Problem:
Go through the records and filter out every line lacking the word "Werner"; copy the lines that remain.

Extracted data:
= = =

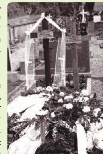
Grab von Werner Zugger

Einer der Angler zeigte uns den Baum an der Leiblachmündung, unter dem Werner nach dem Unwetter aufgefunden wurde. Wir Buben hatten die verrückte Idee, geheim einen Teil dieses (bö-
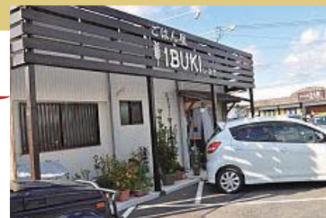
Aコープ西脇店の道路を挟んだお向かい

Aコープ西脇店の正面、R427号沿いにある ごはん屋 I B U K I はお買い物のついでに立ち寄り、ここで食事をした後お買い物も出来る便利な所。お店の前に7台ほどの駐車スペースがあるが、お買い物をすればお向かいの駐車場でもいいかな。
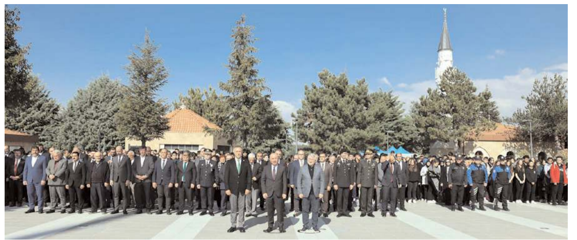
29 Ekim Cumhuriyet Bayramı etkinlikleri kapsamında Şehitlikte program yapıldı.
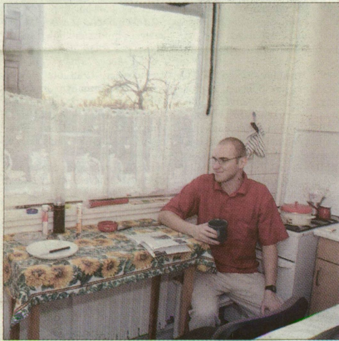
Öthalmi konyha mint tanulószoba
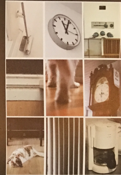
Afbeeldingen van soundclips huisgeluiden op de website elisethart.com.

'Nou, een van de dingen die voortgekomen zijn uit dat project, is
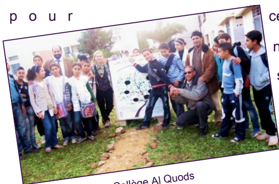
Collège Al Quods

cette année scolaire. De nouvelles campagnes de sensibilisation sont en train d'être mises au point en partenariat avec les directeurs des établissements.
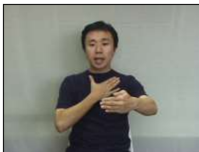
胸のあたりに手を置く。
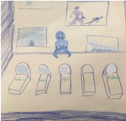
Şekil 1. Travma grubundaki kız çocuğun resmi
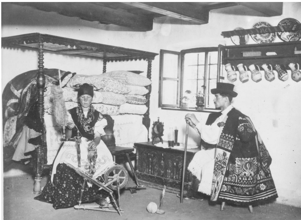
LDM_Fotótár_753 A Bakonyi ház hátsó szobája 1937
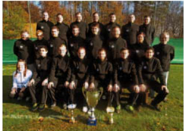
Člani KMN Gornji Petrovci
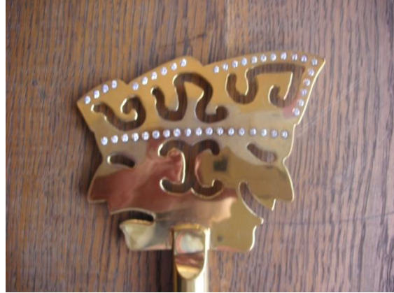
detail van de sleutel

Tegelijkertijd kijken “d’aw wi-jver” goedkeurend toe om na de receptie met de Prins en de raad van elf het Maaseiker carnavalsfeest op gang te trekken. In de cafés organiseert men Miss verkiezingen, wie krijgt de titel: “sjoenste awt wi-jf van het jaar?”.
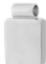
DH 011 Matt H 2,0 cm
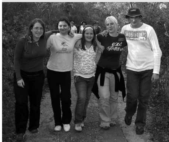
Mladi s pesmijo po učni poti
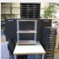
Lot n° 72 Un lot comprenant : Un bureau démonté + une table pliante + 2 meubles à hauteur d'appui à quatre portes + 2 trieurs + 2 chaises visiteurs + 1 fauteuil de direction + 1 sellette à trois niveaux + 1 table carrée Mise à prix : 20 €
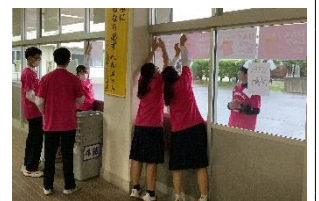
ピンクシャツデー準備中の生徒会本部の皆さん

11月1日の集会では、その取組の報告がありましたが、生徒たちが自らの力で、自分たちの学校をより良くしていこうと活動している姿は、本当に素晴らしいと感じます。当日はオープンスクールでもあり、たくさんの保護者の皆さんに参観していただきました。ありがとうございました。
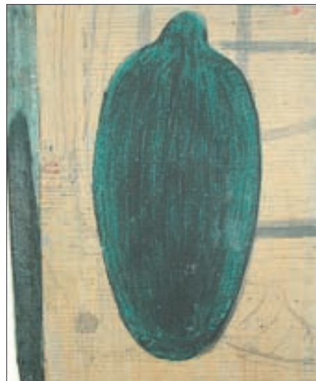
▲ 2000: Ohne Titel, 31 x 25,4 cm, Pigmente und Kohle auf Holz.

Monochrome Bildfelder korrespondieren mit grafisch bearbeiteten Passagen und zeugen von der stoischen Geduld des Kunstschaffenden, Punkt für Punkt einer Kontur zu folgen, sie nachzusteichen, oder in beinahe ritueller Rhythmik bildnerische Arbeiten vorzubereiten, sie reifen zu lassen und doch eine endgültige Fertigstel-
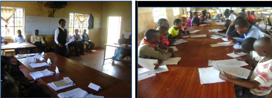
Het evenement in volle gang in de eetzaal van Blessed generation Nyamira, 4 april 2013

De kinderconferentie van de provincie Nyamira werd gehouden in het weeshuis van Blessed Generation. Dit is een jaarlijks seminar waar kinderen over een breed scala aan onderwerpen leren, zoals loopbaanplanning, HIV en culturele invloeden met als doel bewustwording en voorbereiden op de toekomst. De coördinator van de kinderbescherming uit de provincie Nyamira deed de aftrap van het evenement. Speciaal geselecteerde kinderen uit de hele provincie kwamen samen met de kinderen van het weeshuis en woonden het evenement bij. Het hoogtepunt van de bijeenkomst was dat de kinderen verwend werden met cadeautjes, als versterking van wat de kinderen geleerd hadden. Het evenement duurde drie dagen en werd georganiseerd door het kinderdepartement met steun van de organisatie World Vision.
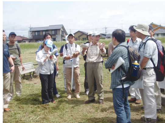
写真は高等科・初等科合同の多摩川現地調査 塾長による説明を聞く塾生

さらに、今年度は高等科（烏川・神流川編）を有志により設立し、初等科で習得した河道特性等に関する知見を復習し、理解を深めるために実河川を題材とし、演習形式での勉強会、現地調査等を行っています。
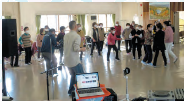
いつもと違う公民館の昼、格好良く、おしゃれにきめて、フィーバーします☆
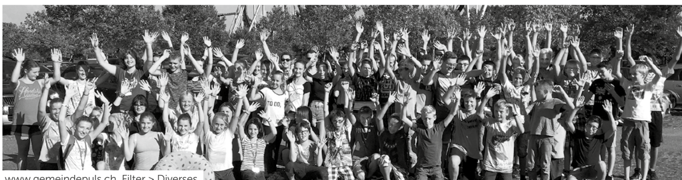
www.gemeindepuls.ch , Filter > Diverses
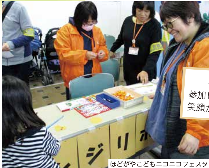
ほどがやこどもニコニコフェスタ

= = =

Solution for this problem:
Grab von Werner Zugger
Einer der Angler zeigte uns den Baum an der Leiblachmündung, unter dem Werner nach dem Unwetter aufgefunden wurde. Wir Buben hatten die verrückte Idee, geheim einen Teil dieses (bö-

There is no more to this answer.